Just like it’s bigger board game brother, Arkham Horror: The Card Game (AH:TCG) has players taking on the role of investigators, digging into mysterious cases with supernatural twists. One of the key differences between the two games is how they handle their investigators. AH:BG and its spin offs give you a single sheet with some stats, special abilities and a blurb on your character’s bio.
AH:TCG replaces these small sheets with an entire deck of cards. Each card in your deck represents something about your character. It could be an object they own, a person they know, or an experience they’ve had. This gives you more information on your character, and opens up more customization.

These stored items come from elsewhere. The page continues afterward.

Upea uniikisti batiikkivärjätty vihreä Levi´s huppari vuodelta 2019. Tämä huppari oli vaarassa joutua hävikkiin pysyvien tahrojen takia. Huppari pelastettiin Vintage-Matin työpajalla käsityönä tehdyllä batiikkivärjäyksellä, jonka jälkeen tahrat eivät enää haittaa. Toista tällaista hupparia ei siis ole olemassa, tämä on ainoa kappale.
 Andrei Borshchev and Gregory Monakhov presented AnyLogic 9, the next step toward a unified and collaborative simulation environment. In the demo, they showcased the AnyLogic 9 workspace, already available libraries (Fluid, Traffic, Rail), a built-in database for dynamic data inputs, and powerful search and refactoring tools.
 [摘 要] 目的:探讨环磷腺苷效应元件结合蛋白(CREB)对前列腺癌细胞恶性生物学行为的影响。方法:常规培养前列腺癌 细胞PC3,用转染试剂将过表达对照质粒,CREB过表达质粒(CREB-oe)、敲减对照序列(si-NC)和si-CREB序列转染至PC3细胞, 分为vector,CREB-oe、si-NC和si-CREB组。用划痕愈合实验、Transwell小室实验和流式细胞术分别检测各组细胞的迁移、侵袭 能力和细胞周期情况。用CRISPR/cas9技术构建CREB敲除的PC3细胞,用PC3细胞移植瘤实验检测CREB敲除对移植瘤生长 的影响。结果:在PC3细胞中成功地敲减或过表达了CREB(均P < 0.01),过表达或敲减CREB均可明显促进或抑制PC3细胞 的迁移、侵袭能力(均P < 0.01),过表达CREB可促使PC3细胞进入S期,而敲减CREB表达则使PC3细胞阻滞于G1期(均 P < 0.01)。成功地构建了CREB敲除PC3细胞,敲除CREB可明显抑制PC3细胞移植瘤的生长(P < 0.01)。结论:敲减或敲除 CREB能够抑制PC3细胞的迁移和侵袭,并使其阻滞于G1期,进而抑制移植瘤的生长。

Investigator cards in AH:TCG are lumped into 5 classes: guardian, seeker, mystic, rogue, and survivor. Each character can only use cards from classes indicated on the back of their card. I’ve been playing The Fed, Roland , he has access to guardian and seeker classes. If I want him to be more combat oriented, I will give him more guardian cards. But if I want a better investigator I’ll put in more seeker cards. He is always oriented towards combat and investigation, but where he excels depends on how the deck is built.

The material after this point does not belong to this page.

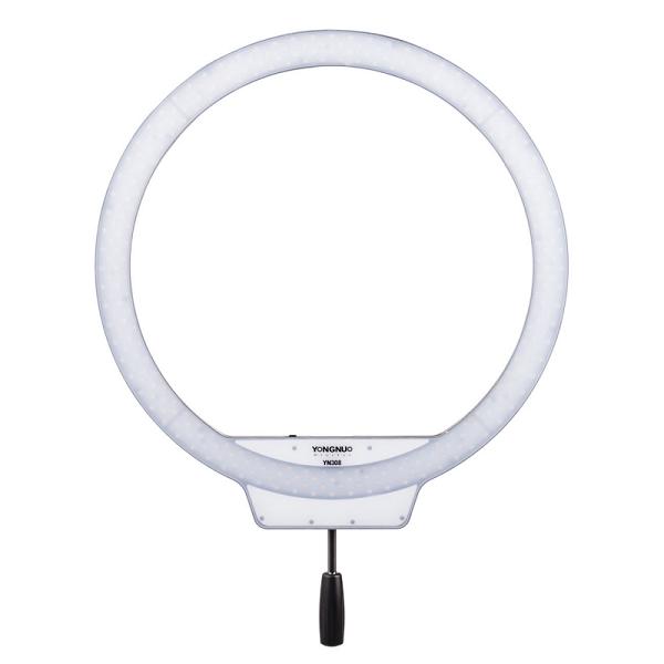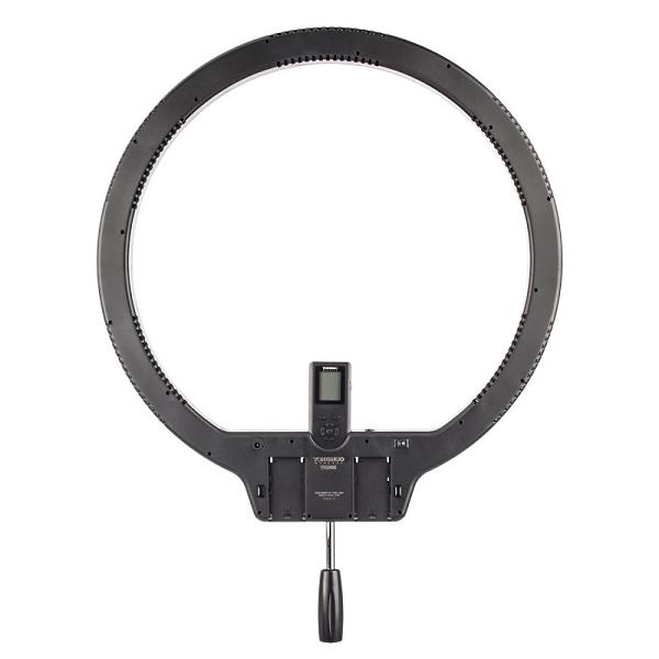 Светодиодный осветитель YongNuo YN308 Новейший светодиодный осветитель Yongnuo кольцевого типа на 304 ярких светодиодах с регулируемой цветовой температуры и пультом ДУ в комплекте. Осветитель круглой формы дает исключительно ровно и мягкое свечение, так необходимое для съемкм в портретном и каталожном жанре. Глаза фотомодели, если производится видео или фотосъемка с участием моделей из за специфической формы светящейся поверхности осветителя приобретают красивый "ангельский" вид из за отражения в них. Питания осветителя возможно как одним или двумя аккумуляторными батареями типа SONY NP (рекомендутся батареи YONGNUO NP-F750), либо блоком питания постоянного напряжения. Аккумуляторные батареи, так же как и блок питания в комплект к офсетителю не входят и приобретаются отдельно. Осветитель имеет пульт ДУ с дистанцией регулировки до 15 м. Пульт ДУ имеет многоканальное радио управление и позволяет включать / выключать осветитель ( или группы осветителей на одном канале), регулировать яркость и цветовую температуру свечения, узнавать остаточную емкость зараяда батарей. Осветитель построен на новейших светодиодах с очень высокой отдачей (коэффициэнтом преобразования электроэнергии в свет - свыше 95) и с очень высоким времени жизни (в среднем до 50000 часов). Используется традиционная дл YONGNUO система регулировки цветовой температуры - в светильнике из 304 светодиодов половина - одна группа светодиодов (152 шт.) - с цветовой температурой 3200K, другая (152 шт.) - с цветовой температурой 5500K. Пульт ДУ имеет возможность регулировки яркости этих дву групп отдельно друг от друга. Осветитель очень плоский, поэтому его можно использовать и для подсветки световых кубов не только сверху или сбоку, но даже снизу, из -под куба. Это открывает отличные возможности для испольования его и в предметной фотосъемке. В комплекте имеетя полая рукоятка, которая используется для удерживания светильника в руках или для насаживания его на студийную стойку. Технические характеристики:

Interesting characters have flaws, here they take the form of weakness cards. Every character has one that is unique to them. Maybe a bad habit, a debt, or even a curse. These cards say a lot about your character, and it’s not just fluff. Weaknesses have impact on gameplay. When drawn they immediately come into play, making life difficult for you and your allies. In addition to the unique weakness, each deck will also get a random generic weakness. This adds some texture to your version of that character.
After a campaign starts the only way to edit your deck is between scenarios. A starter deck consists only of level 0 cards. Upgrades can be levels 1 through 5, and are purchasable with experience points earned at the end of a scenario. Decks have a hard limit of 30 cards total. Each time you add something new to your character, something is lost as well. Events in the game can also add new cards to your deck. If a character you meet decides to join your cause, they become a card in your deck. Bonus cards do not count towards the 30 card total.

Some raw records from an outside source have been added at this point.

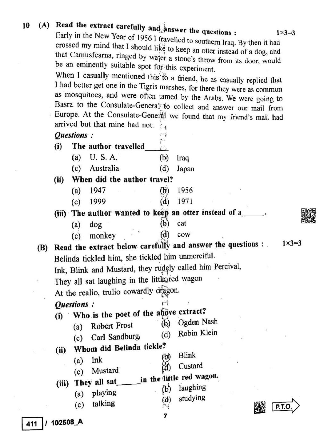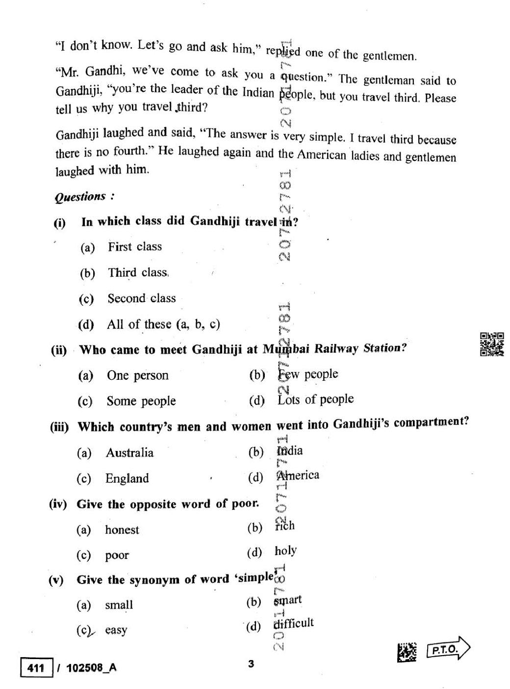 MP Board Class 10 English Question Paper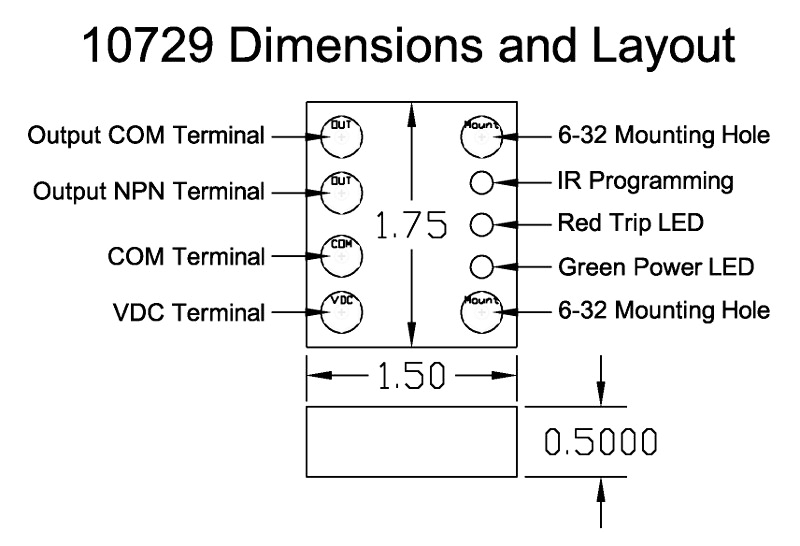 Model 10729 is a 5-24 VDC low cost g-force trip sensor. When a programmable g-force threshold is reached, a photo isolated output is pulled down(to common).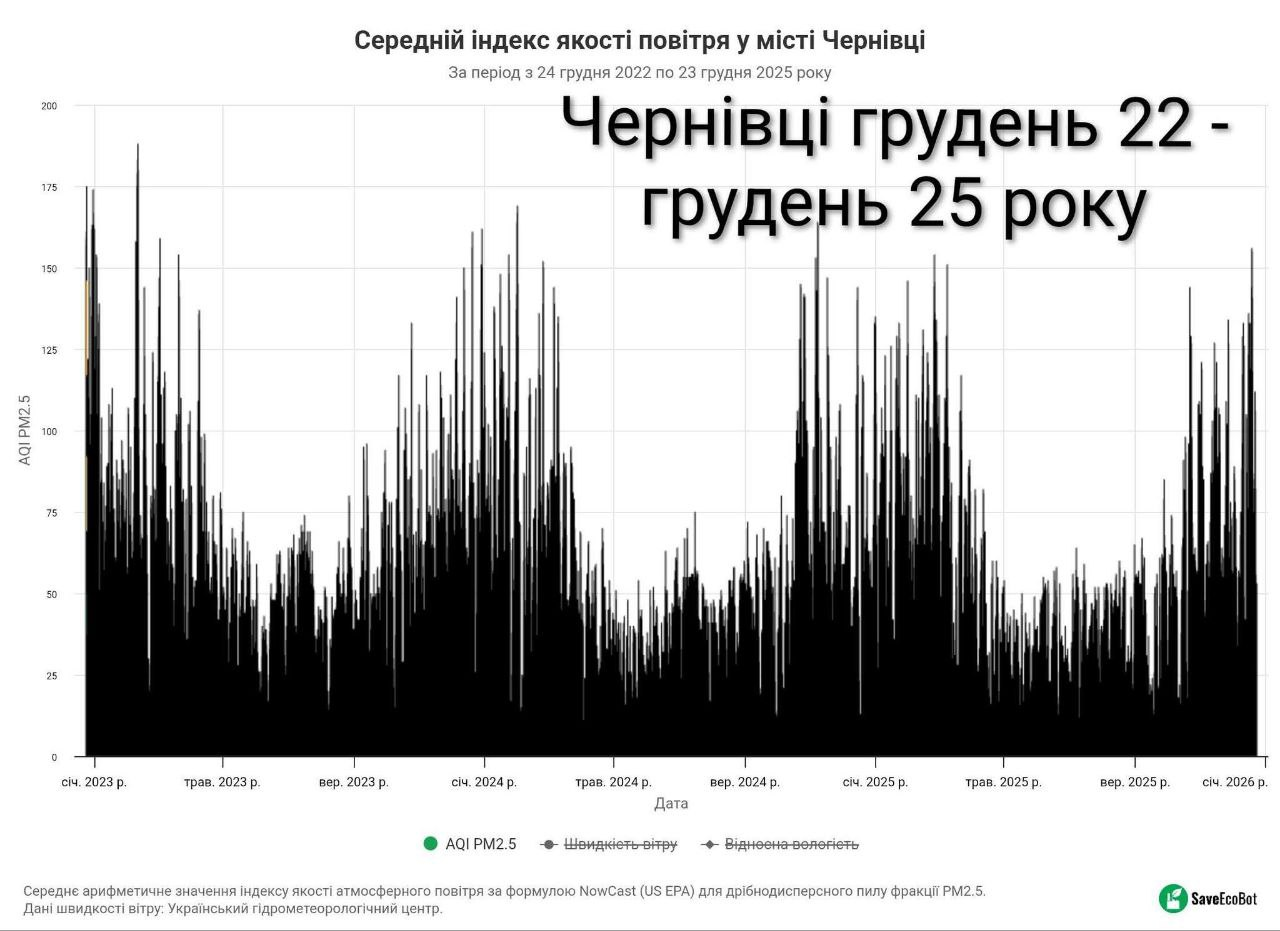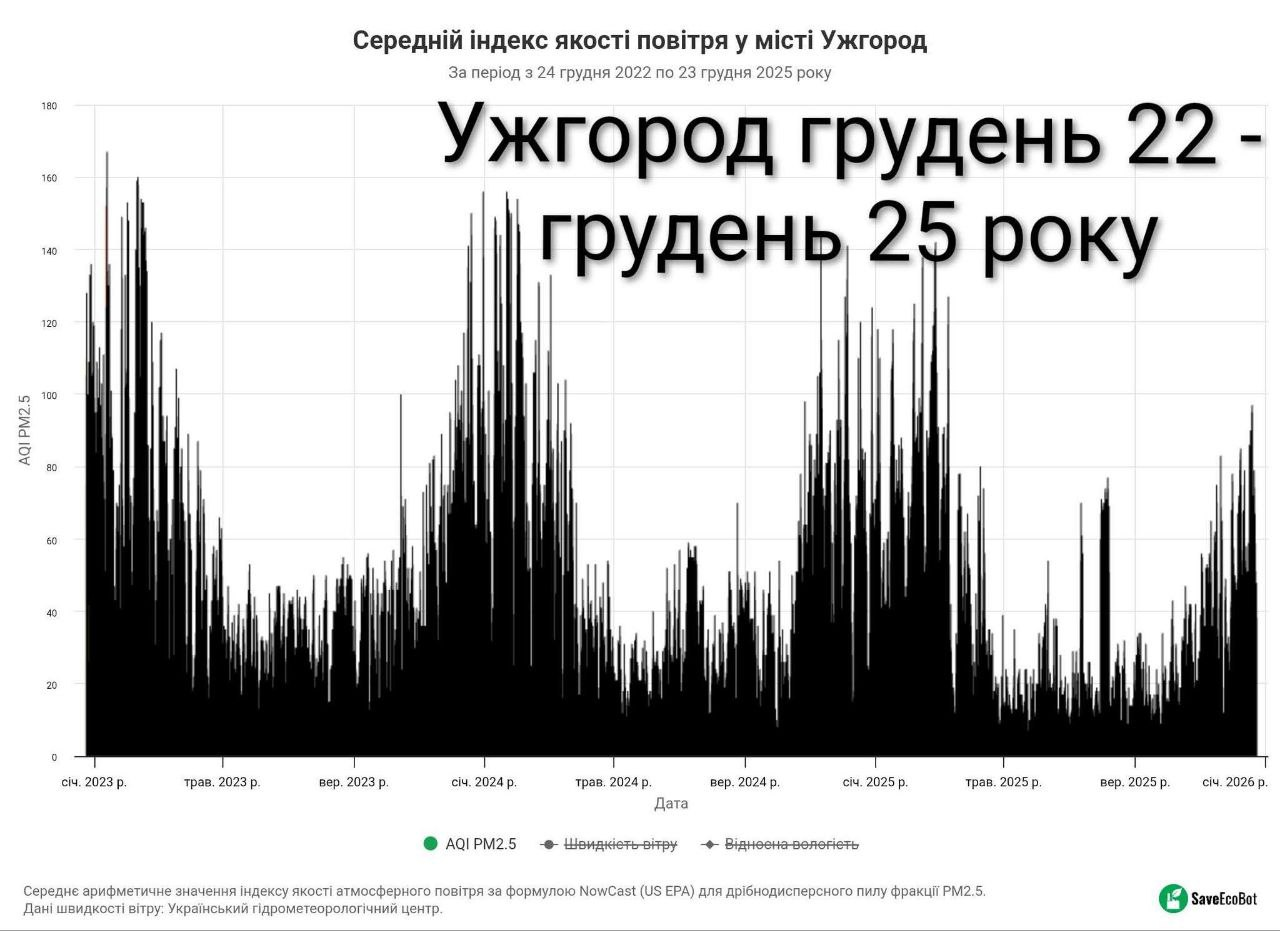 Показник якості повітря AQI в Івано-Франківську 19 грудня збільшився до 179, що є найвищим рекордним індексом серед всіх обласних центрів України.

What I love about this system is how it turns the act of changing your deck into something meaningful in the narrative. During a scenario, we had trouble dealing with monsters, so afterwards I purchased an additional gun card for my deck. This makes sense from a gameplay perspective, I want to make my deck more efficient in combat. But it also makes sense from a narrative perspective. After dealing with lots of monsters, my investigator decided to seek out additional firepower.
AH:TCG’s characters feel more concrete than they did in the board game. Details of their past and personality become tangible in the form of cards, discovering them one a time as you draw through the deck. Weaknesses especially as they spring upon you when you least expect it. Characters feel more alive, changing and growing as you edit and upgrade the deck. These factors come together to make investigators closer to RPG characters, as opposed to the chess pieces they feel like in other Arkham games.